_Given data:_
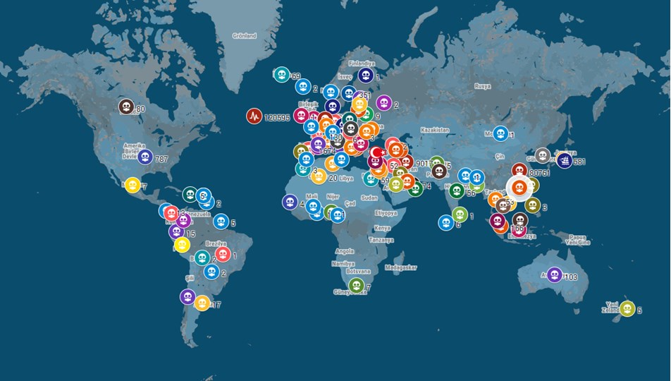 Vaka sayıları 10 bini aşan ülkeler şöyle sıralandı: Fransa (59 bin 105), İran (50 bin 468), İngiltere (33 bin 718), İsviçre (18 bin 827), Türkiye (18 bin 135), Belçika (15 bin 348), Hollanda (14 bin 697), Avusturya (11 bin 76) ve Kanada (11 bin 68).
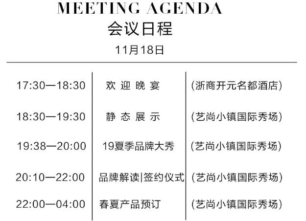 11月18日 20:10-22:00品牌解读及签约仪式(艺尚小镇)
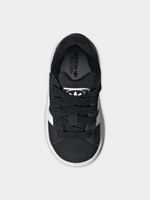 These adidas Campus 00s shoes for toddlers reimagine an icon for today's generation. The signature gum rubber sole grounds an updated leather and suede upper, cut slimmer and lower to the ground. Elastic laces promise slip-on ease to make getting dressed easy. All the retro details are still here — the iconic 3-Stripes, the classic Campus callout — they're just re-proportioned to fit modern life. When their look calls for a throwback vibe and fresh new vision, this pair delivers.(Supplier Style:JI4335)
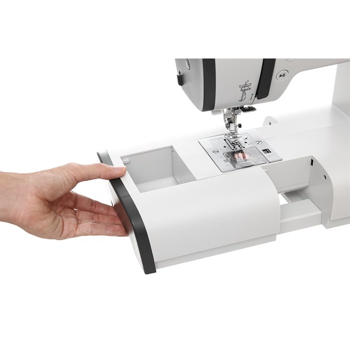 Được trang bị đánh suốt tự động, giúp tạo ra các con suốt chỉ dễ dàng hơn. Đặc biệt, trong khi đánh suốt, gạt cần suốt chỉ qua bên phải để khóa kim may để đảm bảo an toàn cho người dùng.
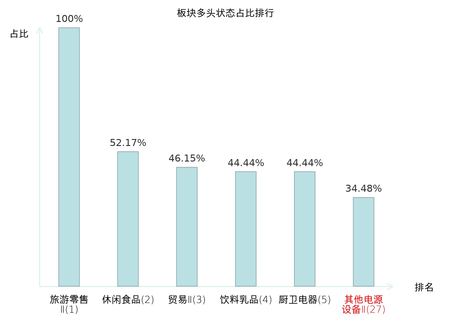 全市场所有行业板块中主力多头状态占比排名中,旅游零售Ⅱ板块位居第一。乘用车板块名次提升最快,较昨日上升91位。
--
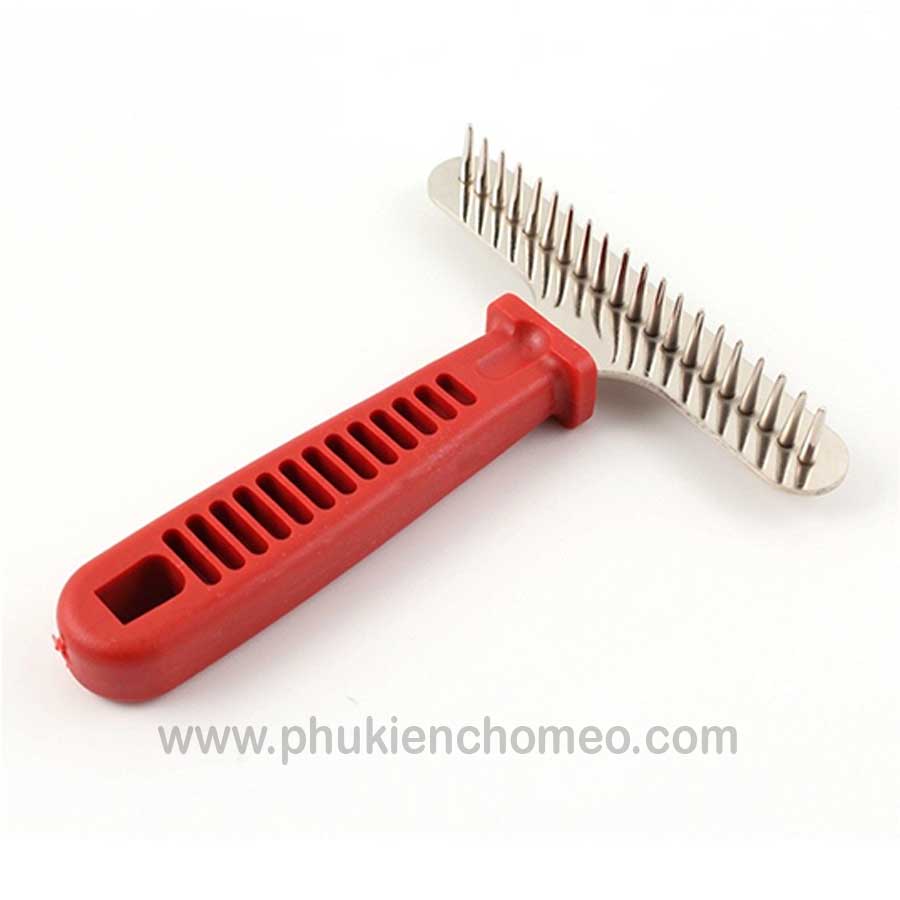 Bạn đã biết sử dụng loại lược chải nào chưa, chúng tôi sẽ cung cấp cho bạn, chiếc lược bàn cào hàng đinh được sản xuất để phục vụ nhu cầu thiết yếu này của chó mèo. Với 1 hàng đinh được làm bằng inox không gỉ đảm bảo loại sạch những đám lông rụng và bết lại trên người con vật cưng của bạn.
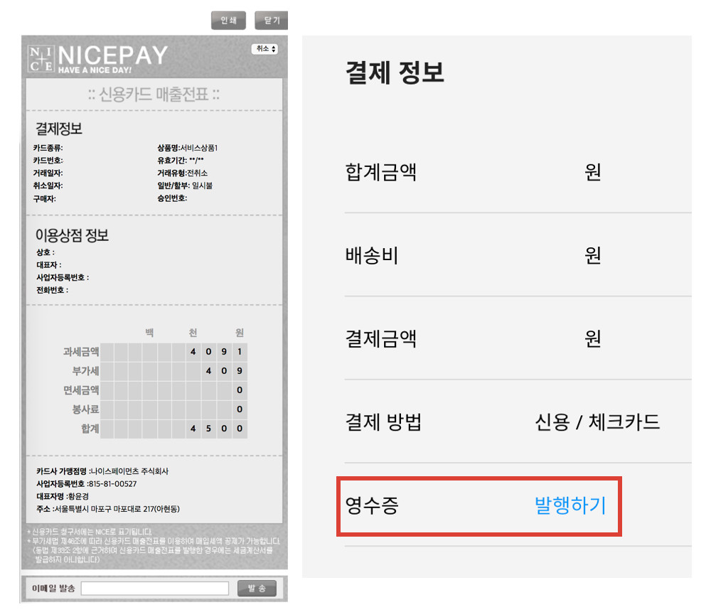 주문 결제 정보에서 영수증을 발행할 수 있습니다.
--
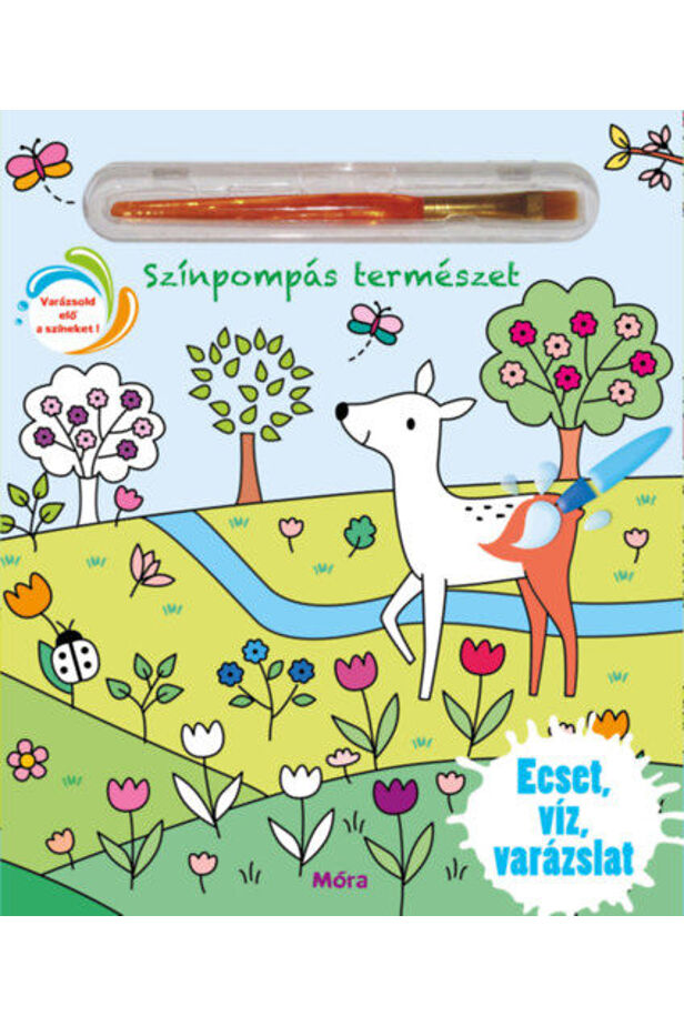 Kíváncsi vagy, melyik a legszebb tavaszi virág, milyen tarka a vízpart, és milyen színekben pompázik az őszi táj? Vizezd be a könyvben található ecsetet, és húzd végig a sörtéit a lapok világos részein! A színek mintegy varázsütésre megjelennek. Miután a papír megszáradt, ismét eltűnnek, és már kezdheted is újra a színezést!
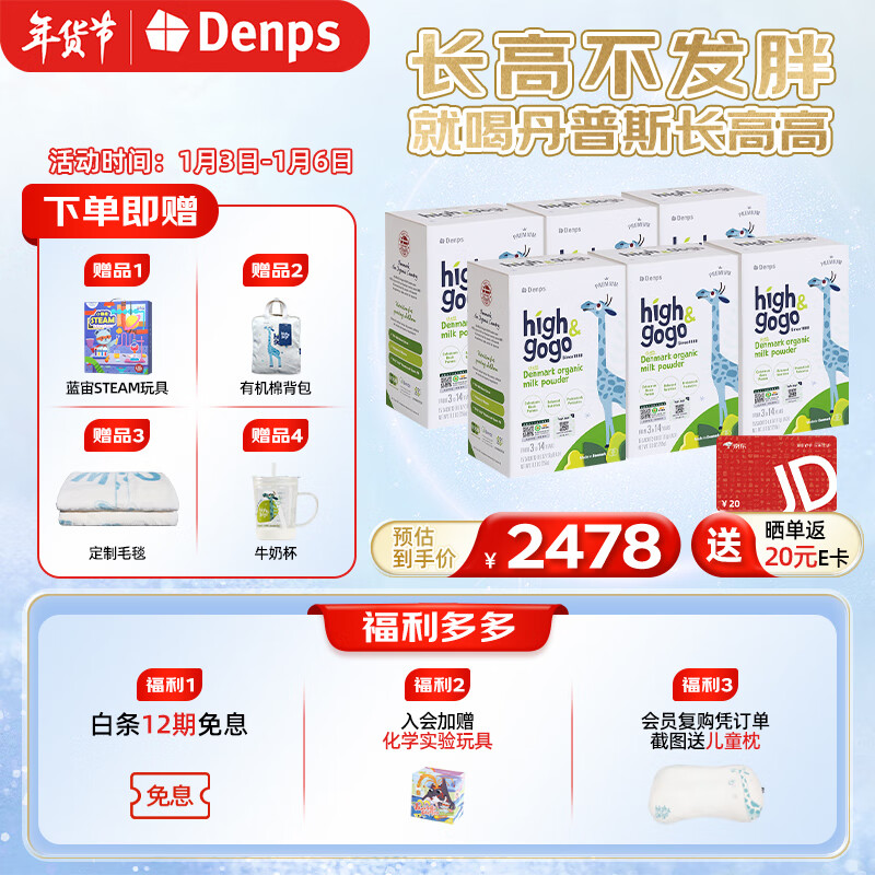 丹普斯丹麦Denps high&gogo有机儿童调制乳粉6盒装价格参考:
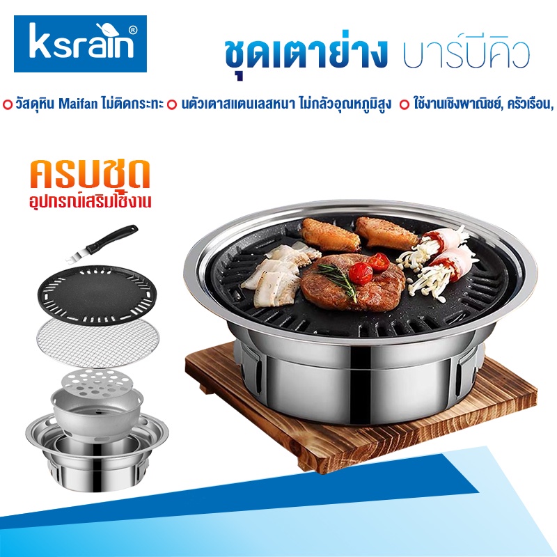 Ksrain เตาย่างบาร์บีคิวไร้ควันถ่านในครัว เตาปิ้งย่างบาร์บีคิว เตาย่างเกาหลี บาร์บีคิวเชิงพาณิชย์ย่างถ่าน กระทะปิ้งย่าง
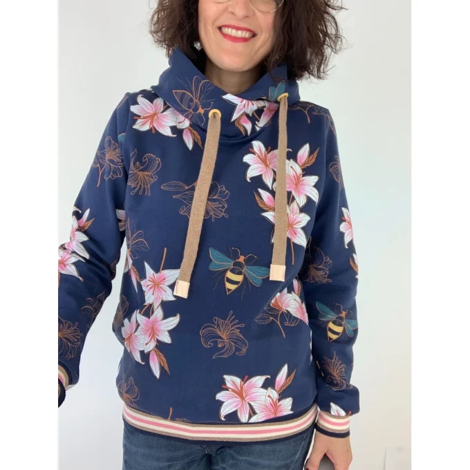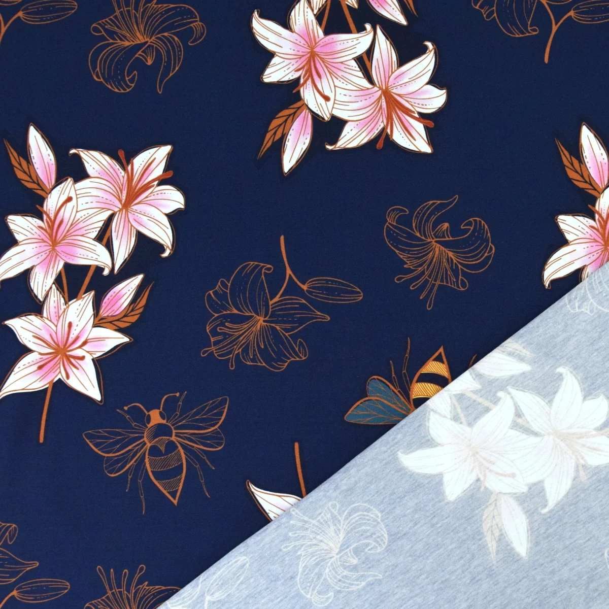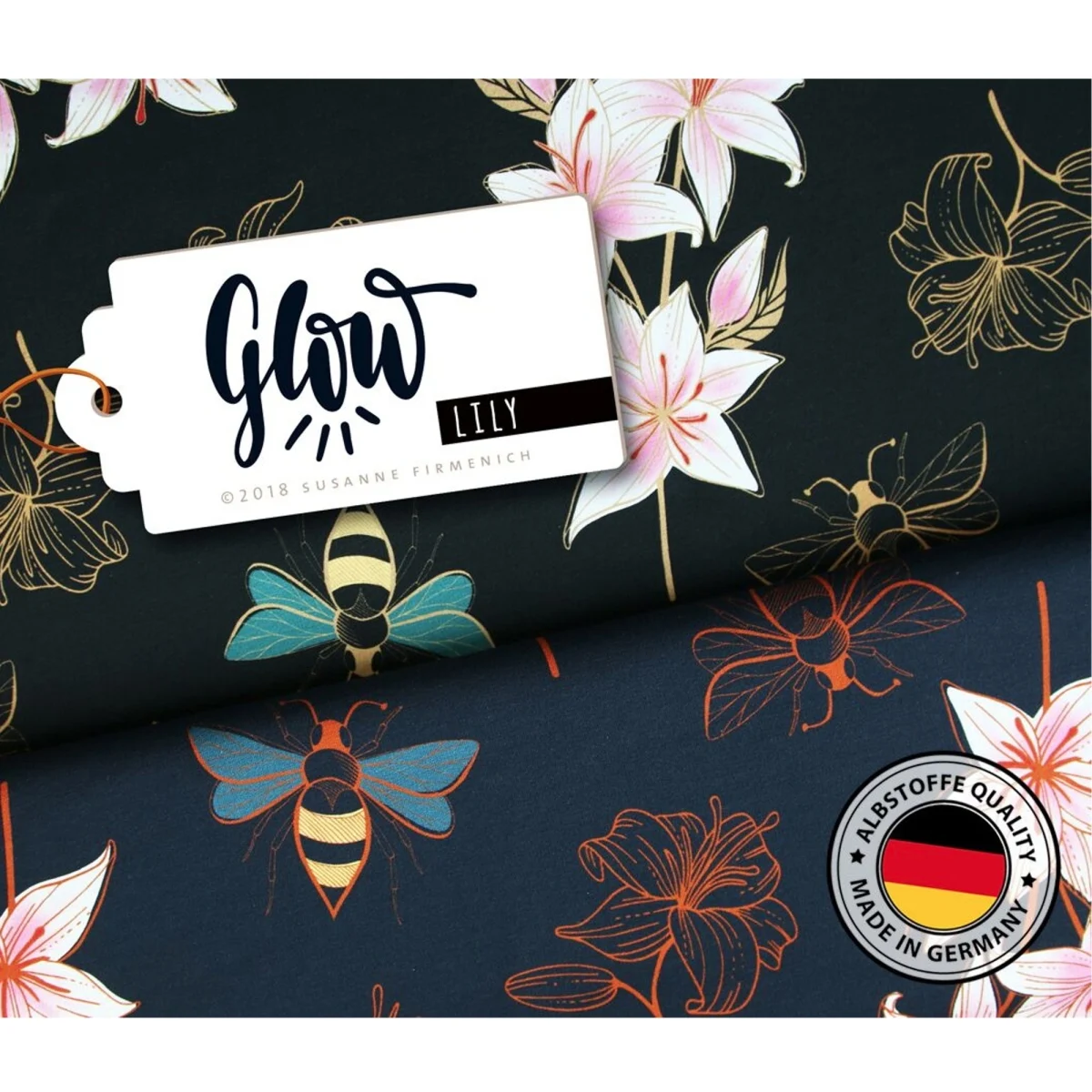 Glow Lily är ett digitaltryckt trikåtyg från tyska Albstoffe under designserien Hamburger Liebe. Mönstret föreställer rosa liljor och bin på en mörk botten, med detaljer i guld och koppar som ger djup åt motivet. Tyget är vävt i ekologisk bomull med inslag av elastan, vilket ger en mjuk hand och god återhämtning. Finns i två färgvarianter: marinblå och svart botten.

_Work instruction:_ What do the entries above read from the line containing "Vaka sayıları 10" through the line containing "These adidas Campus"? Output those lines exactly, both ends included, with the pictures left out.

_Expected answer:_
 Vaka sayıları 10 bini aşan ülkeler şöyle sıralandı: Fransa (59 bin 105), İran (50 bin 468), İngiltere (33 bin 718), İsviçre (18 bin 827), Türkiye (18 bin 135), Belçika (15 bin 348), Hollanda (14 bin 697), Avusturya (11 bin 76) ve Kanada (11 bin 68).
 11月18日 20:10-22:00品牌解读及签约仪式(艺尚小镇)
 These adidas Campus 00s shoes for toddlers reimagine an icon for today's generation. The signature gum rubber sole grounds an updated leather and suede upper, cut slimmer and lower to the ground. Elastic laces promise slip-on ease to make getting dressed easy. All the retro details are still here — the iconic 3-Stripes, the classic Campus callout — they're just re-proportioned to fit modern life. When their look calls for a throwback vibe and fresh new vision, this pair delivers.(Supplier Style:JI4335)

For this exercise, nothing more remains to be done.